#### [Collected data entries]
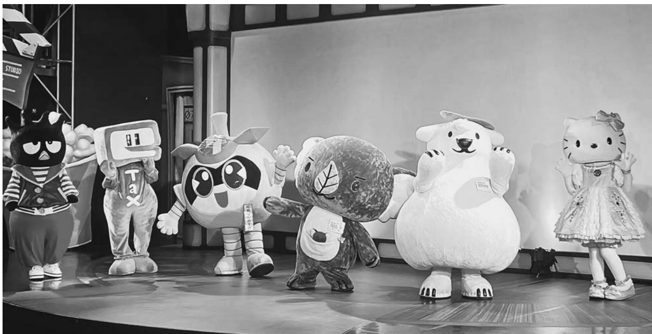
ディスカバリーシアターのステージ上で会場内を盛り上げてくれました。

夏休みのよき思い出として、有意義な一日を楽しみました。開催までには感染拡大に注視しながらのイベントでしたが、事故やケガもなく無事終了しました。
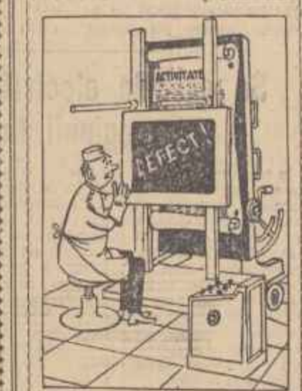
Medical radiolog — Deși aparatul este defect, vîd că reflectă bine activitatea secției de sănătate a satului popular orășenesc Tg. Mureș...
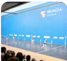
Urrezko Pala Pro Txapelketako finala
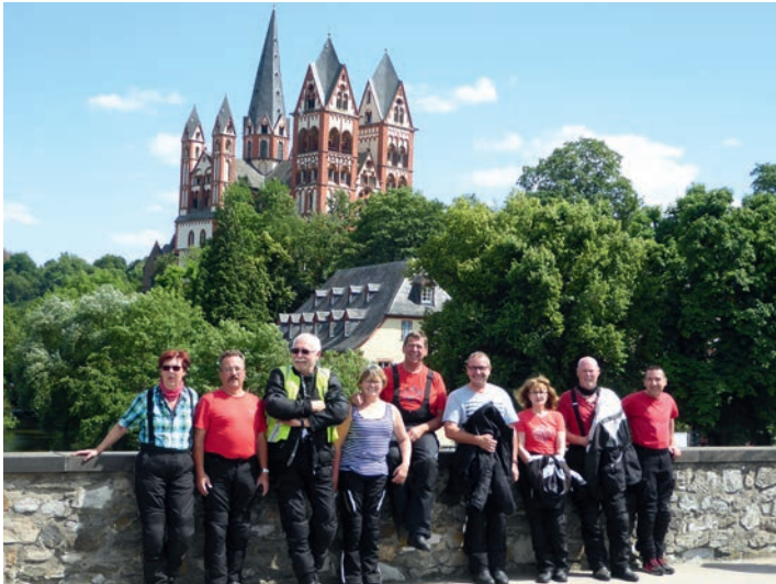
Dom zu Limburg

Auf ihrer diesjährigen 4-tägigen Motorradausfahrt haben neun Pommelsbrunner Naturfreunde wieder einige neue und schöne Fleckchen ihrer näheren und weiteren Heimat entdeckt.
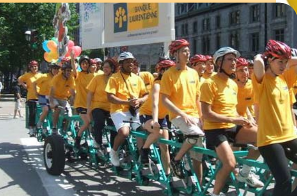
Pédalez pour les enfants
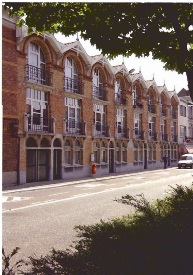
Sociale woningen aan de Rooigemlaan, de Zonnebloemstraat en het Biezenstuk

Van Rysselberghe was ook betrokken bij de verbouwing van het conservatorium. Op het einde van de 19de eeuw werd de instelling ondergebracht in de Grote Sikkel en het aanpalende gebouw, De Zwarte Moor. Van Rysselberghe werkte vooral met schermgevels, en onder meer door de inplanting van een concertzaal die plaats bood aan 600 toeschouwers is veel van het oorspronkelijke geheel verdwenen.
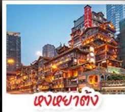
ตงเฉียวตั้ง
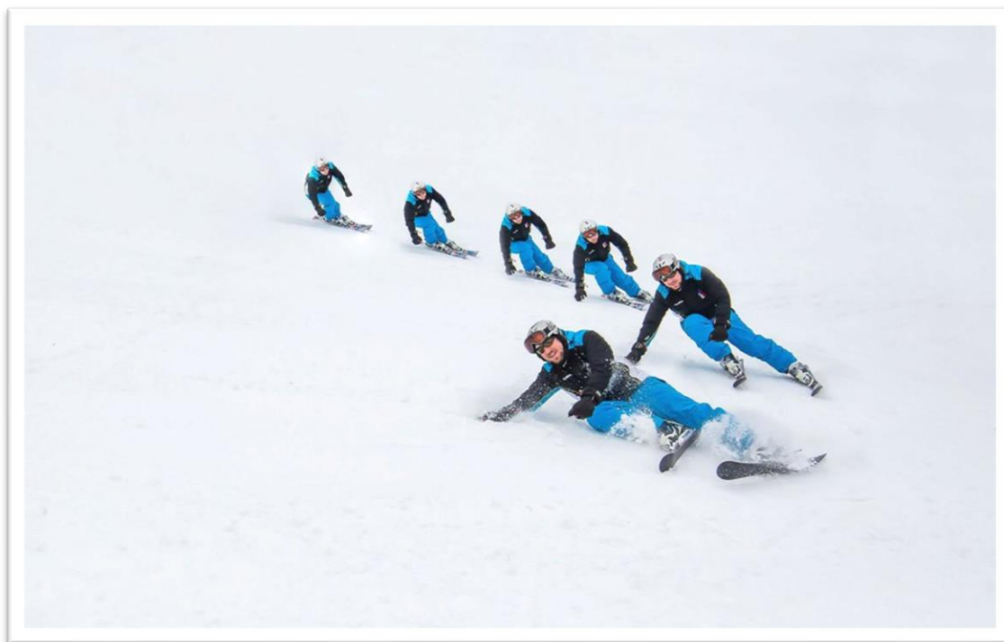
Obrázek 3 - kinogram fun carvingového oblouku (ABC, 2006)

Chyby projevující se při fun carvingových obloucích, týkající se postavení lyží, jsou podobné jako u předchozích oblouků. Největším rozdílem zde je jízda bez holí se snahou o dotyk se sněhem, ze kterých vznikají chyby jako příliš velký náklon sjezdaře, nebo snaha o dotyk ruky se sněhem při příliš nízké rychlosti, kdy odstředivá síla nedosahuje požadovaných hodnot.
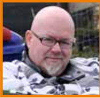
Tekst en foto's Patrick Hesse
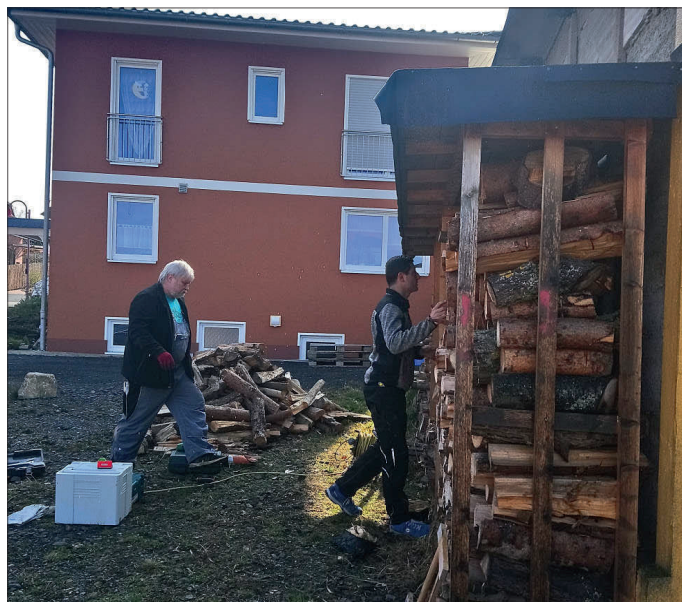
Instandsetzungsarbeiten am Holzregal
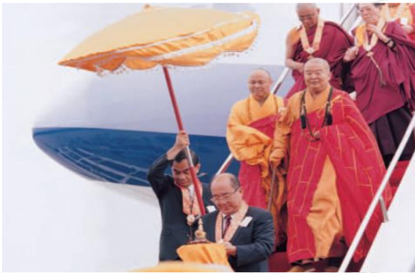
圖 9：1998 年迎接舍利
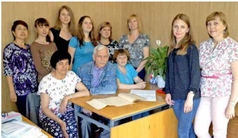
Коллектив отдела автоматизированных систем управления производством

Считает, что за современными информационными технологиями и комплексной автоматизацией завода будущее.
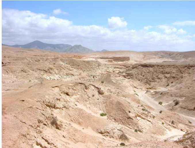
Figura 3.- Paisaje en la cuenca de Lajares con sedimentos arenosos antiguos, hábitat del A. schultzii .

desarrollan en lugares más llanos con suelo arenoso, formando con frecuencia microdunas, donde convive con Frankenia capitata Webb & Berthel., Polycarpaea nivea , Lotus lancerottensis , Heliotropium bacciferum Forssk., Launaea nudicaulis (L.) Hook. fil., Launaea arborescens , Ononis hesperia (Maire) Förther & Podlech y en ocasiones Androcymbium psammophilum Svent. (Figura 3). En pequeños barrancos, donde la humedad es mayor, se unen con frecuencia ejemplares poco desarrollados de Euphorbia regis-jubae .

#### [Assignment]
From the records above, transcribe exactly the lines starting at the one containing "夏休みのよき思い出として、有" and ending at the one containing "圖 9：1998 年迎接舍利". Skip the pictures.

#### [Written solution]
夏休みのよき思い出として、有意義な一日を楽しみました。開催までには感染拡大に注視しながらのイベントでしたが、事故やケガもなく無事終了しました。
Medical radiolog — Deși aparatul este defect, vîd că reflectă bine activitatea secției de sănătate a satului popular orășenesc Tg. Mureș...
Urrezko Pala Pro Txapelketako finala
Dom zu Limburg

Auf ihrer diesjährigen 4-tägigen Motorradausfahrt haben neun Pommelsbrunner Naturfreunde wieder einige neue und schöne Fleckchen ihrer näheren und weiteren Heimat entdeckt.
Pédalez pour les enfants
Sociale woningen aan de Rooigemlaan, de Zonnebloemstraat en het Biezenstuk

Van Rysselberghe was ook betrokken bij de verbouwing van het conservatorium. Op het einde van de 19de eeuw werd de instelling ondergebracht in de Grote Sikkel en het aanpalende gebouw, De Zwarte Moor. Van Rysselberghe werkte vooral met schermgevels, en onder meer door de inplanting van een concertzaal die plaats bood aan 600 toeschouwers is veel van het oorspronkelijke geheel verdwenen.
ตงเฉียวตั้ง
Obrázek 3 - kinogram fun carvingového oblouku (ABC, 2006)

Chyby projevující se při fun carvingových obloucích, týkající se postavení lyží, jsou podobné jako u předchozích oblouků. Největším rozdílem zde je jízda bez holí se snahou o dotyk se sněhem, ze kterých vznikají chyby jako příliš velký náklon sjezdaře, nebo snaha o dotyk ruky se sněhem při příliš nízké rychlosti, kdy odstředivá síla nedosahuje požadovaných hodnot.
Tekst en foto's Patrick Hesse
Instandsetzungsarbeiten am Holzregal
圖 9：1998 年迎接舍利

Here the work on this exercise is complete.